### Exercise objective
In the copy you make of the entries, no picture should appear, and every word must match.

(Extracted records)
------------------------------------------------------------

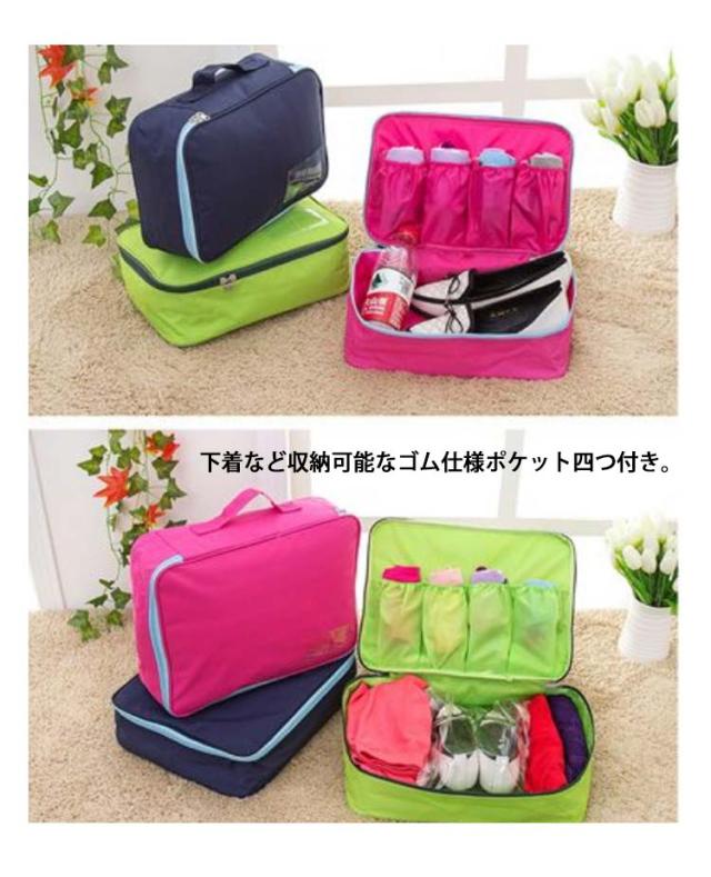 | 服も入る大きめサイズなので旅行やスパ、ジムなど様々な場面に合う収納ケース。 ポリエステル撥水生地を使用。 使用便利なハンドルが付き、手提げやフックにかけたりすることが可能。 下着など収納可能なゴム仕様ポケット四つ付き。 トラベルポーチとして はもちろん、家族の衣類や靴などの収納ケースとしてもご利用いただける。 | |
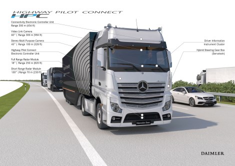 Na temelju DaimlerTrucks Highway Pilot sustava za autonomnu vožnju teških kamiona, tri kamiona su povezana i formirali aerodinamički optimiziranu, potpuno automatiziranu kolonu. Ovime su kamioni premješteni u sferu interneta koji je servis ne samo za vožnju autocestom nego povezuje sve one koji su uključeni u konkretan prijevoz: vozači, operateri flote, radionica, proizvođač i osiguravajuća društava i vlasti. Oni dobivaju informacije u realnom vremenu koja su prije bile nedostupne – o stanju tegljača i poluprikolice, prometa i vremenskim uvjetima, dostupnosti parkinga na autocestama, benzinskim postajama, odmorištima i mnogo više.
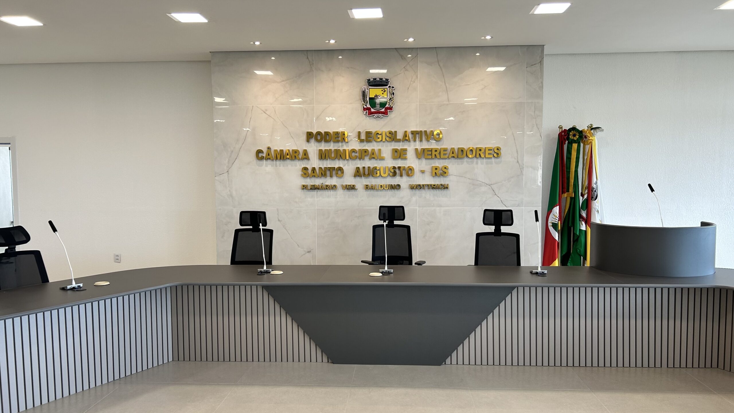 Ocorreu nesta segunda-feira, dia 29, a reinauguração da Câmara de Vereadores de Santo Augusto. Com a solenidade, o Legislativo voltou a funcionar no 4º piso do Centro Administrativo Municipal.
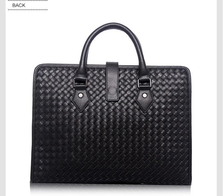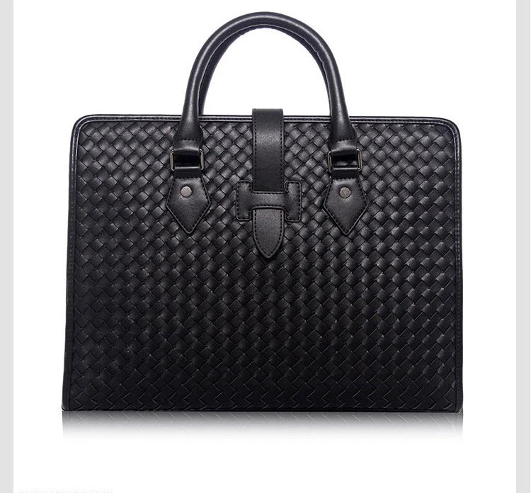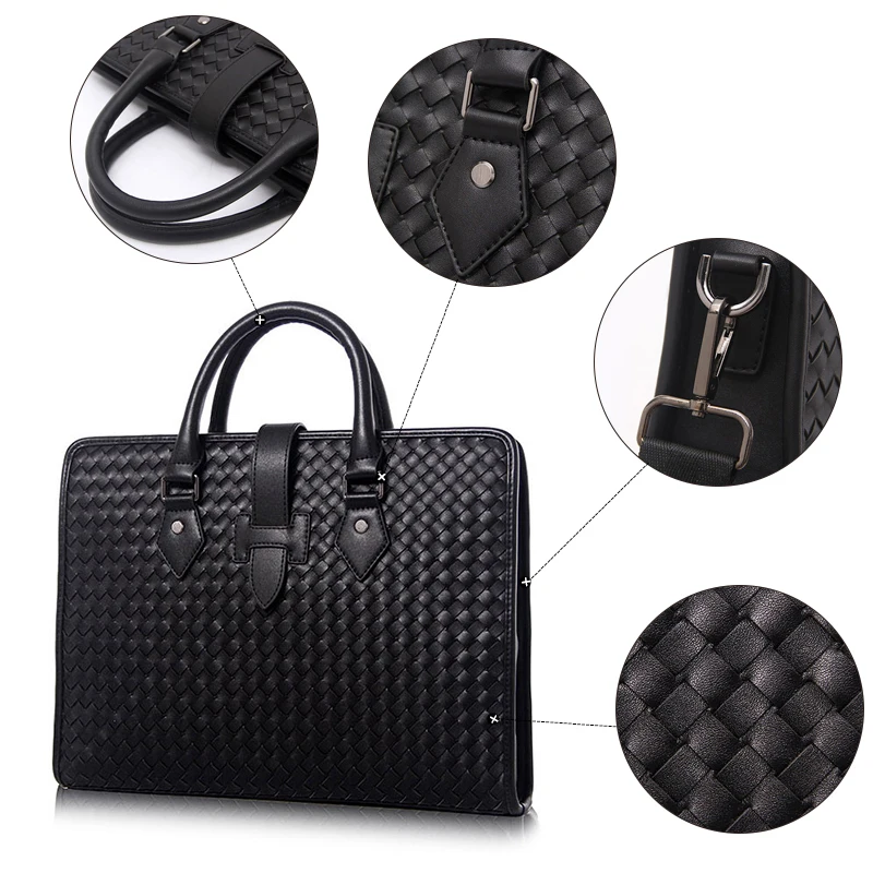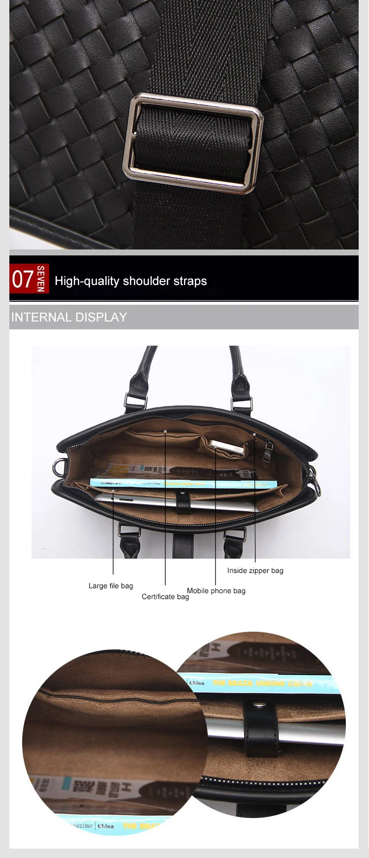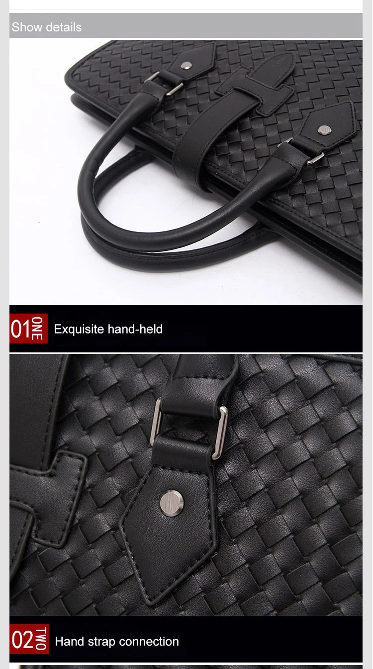 Business Bag Briefcase Leather Woven Pattern Zipper Buckle With Shoulder Handbag Mens Business Bag
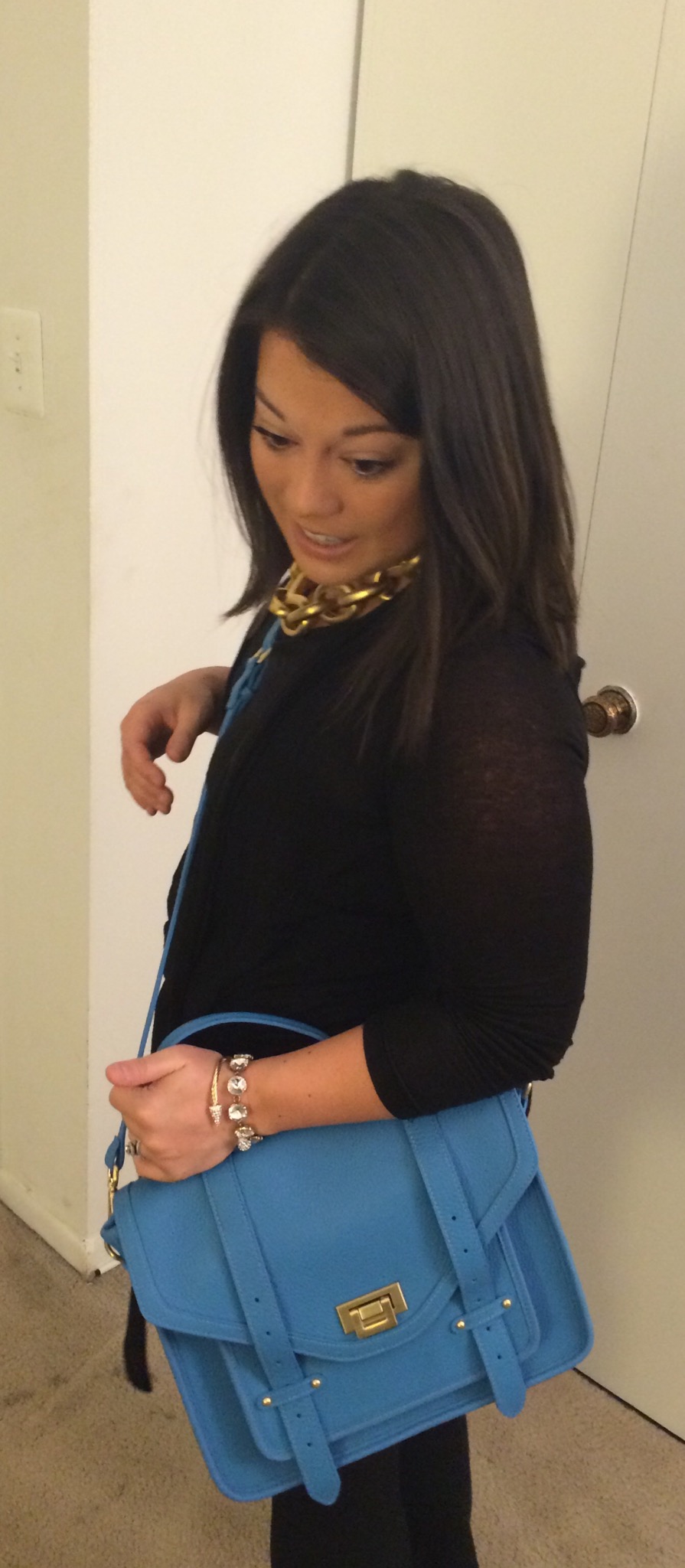 For my relaxed day at work, I decided to spice up an all black outfit with this ultra fabulous, ultra blue satchel.
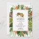 Eine Babydusche-Einladung, die eine Illustration eines Baby- und Mama-Tigers zeigt, umgeben von tropischem botanischem Design.
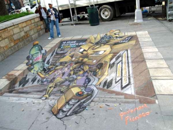Пример нетрадиционного рекламного хода - граффити на асфальте, приуроченного к выходу фильма «Трансформеры». Пример 3.
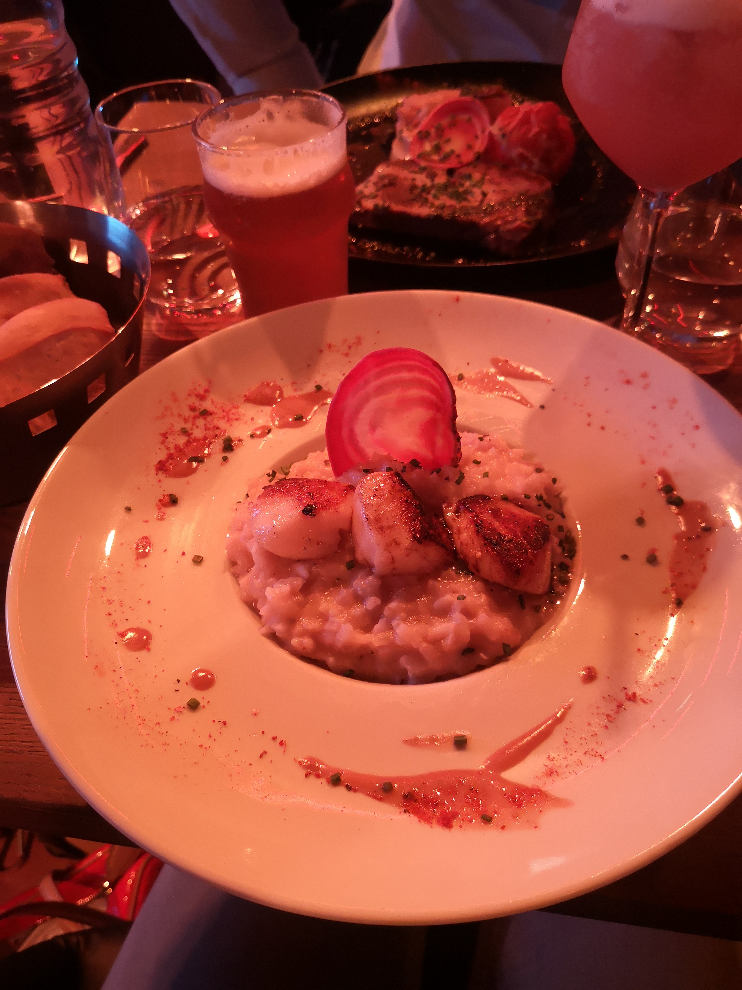 Table réservée pour un diner entre collègues un soir de semaine. Accueil plutôt froid (j'avais déjà eu cette impression au moment de la réservation). Un temps d'attente très long que ce soit pour avoir les cartes que pour la prise de commande et le service. Nous sommes arrivés à 20h15 et nous avons été servit à 22h. L'apéritif arrive en même temps que les entrées. Les serveurs sont vite dépassés malgré le peu de client. C'est dommage car le cadre est plutôt sympa et les plats plutôt bon et copieux.
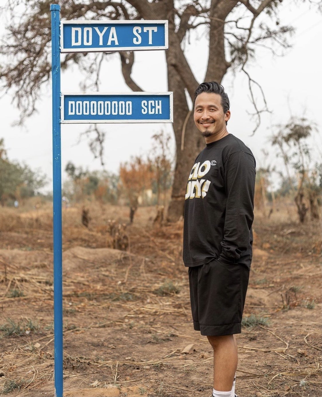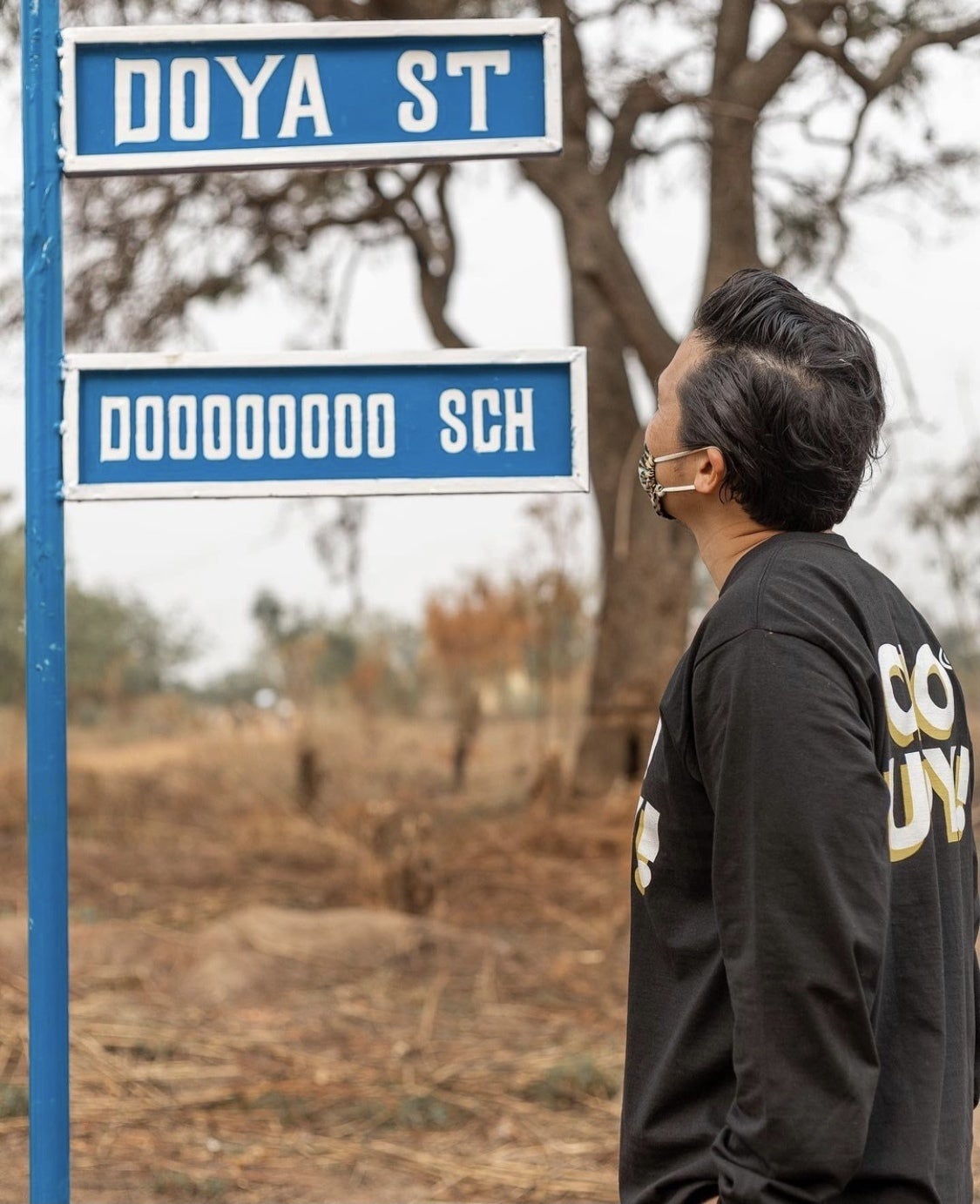 今回の中学校開校に際して、村のみんながサプライズで標識を用意してくれました!そしてなんと。。学校へと続くその道が【DOYAストリート】と名付けられたのです。
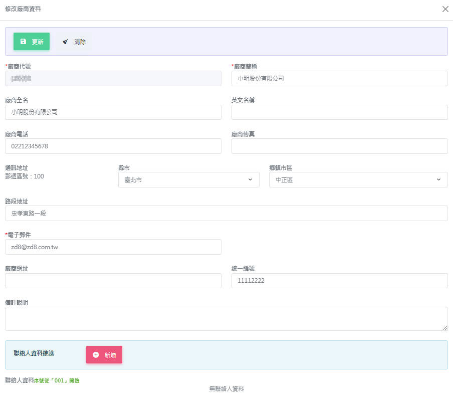「修改廠商資料」畫面下方可新增聯絡人(廠商聯絡窗口)
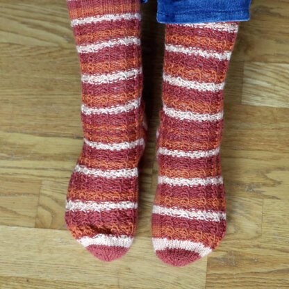 It works great with colorful sock yarns that are so hard to find good patterns for if miles and miles of stockinette drive you crazy.

------------------------------------------------------------

### Expected answer
 | 服も入る大きめサイズなので旅行やスパ、ジムなど様々な場面に合う収納ケース。 ポリエステル撥水生地を使用。 使用便利なハンドルが付き、手提げやフックにかけたりすることが可能。 下着など収納可能なゴム仕様ポケット四つ付き。 トラベルポーチとして はもちろん、家族の衣類や靴などの収納ケースとしてもご利用いただける。 | |
 Na temelju DaimlerTrucks Highway Pilot sustava za autonomnu vožnju teških kamiona, tri kamiona su povezana i formirali aerodinamički optimiziranu, potpuno automatiziranu kolonu. Ovime su kamioni premješteni u sferu interneta koji je servis ne samo za vožnju autocestom nego povezuje sve one koji su uključeni u konkretan prijevoz: vozači, operateri flote, radionica, proizvođač i osiguravajuća društava i vlasti. Oni dobivaju informacije u realnom vremenu koja su prije bile nedostupne – o stanju tegljača i poluprikolice, prometa i vremenskim uvjetima, dostupnosti parkinga na autocestama, benzinskim postajama, odmorištima i mnogo više.
 Ocorreu nesta segunda-feira, dia 29, a reinauguração da Câmara de Vereadores de Santo Augusto. Com a solenidade, o Legislativo voltou a funcionar no 4º piso do Centro Administrativo Municipal.
 Business Bag Briefcase Leather Woven Pattern Zipper Buckle With Shoulder Handbag Mens Business Bag
 For my relaxed day at work, I decided to spice up an all black outfit with this ultra fabulous, ultra blue satchel.
 Eine Babydusche-Einladung, die eine Illustration eines Baby- und Mama-Tigers zeigt, umgeben von tropischem botanischem Design.
Пример нетрадиционного рекламного хода - граффити на асфальте, приуроченного к выходу фильма «Трансформеры». Пример 3.
 Table réservée pour un diner entre collègues un soir de semaine. Accueil plutôt froid (j'avais déjà eu cette impression au moment de la réservation). Un temps d'attente très long que ce soit pour avoir les cartes que pour la prise de commande et le service. Nous sommes arrivés à 20h15 et nous avons été servit à 22h. L'apéritif arrive en même temps que les entrées. Les serveurs sont vite dépassés malgré le peu de client. C'est dommage car le cadre est plutôt sympa et les plats plutôt bon et copieux.
 今回の中学校開校に際して、村のみんながサプライズで標識を用意してくれました!そしてなんと。。学校へと続くその道が【DOYAストリート】と名付けられたのです。
「修改廠商資料」畫面下方可新增聯絡人(廠商聯絡窗口)
 It works great with colorful sock yarns that are so hard to find good patterns for if miles and miles of stockinette drive you crazy.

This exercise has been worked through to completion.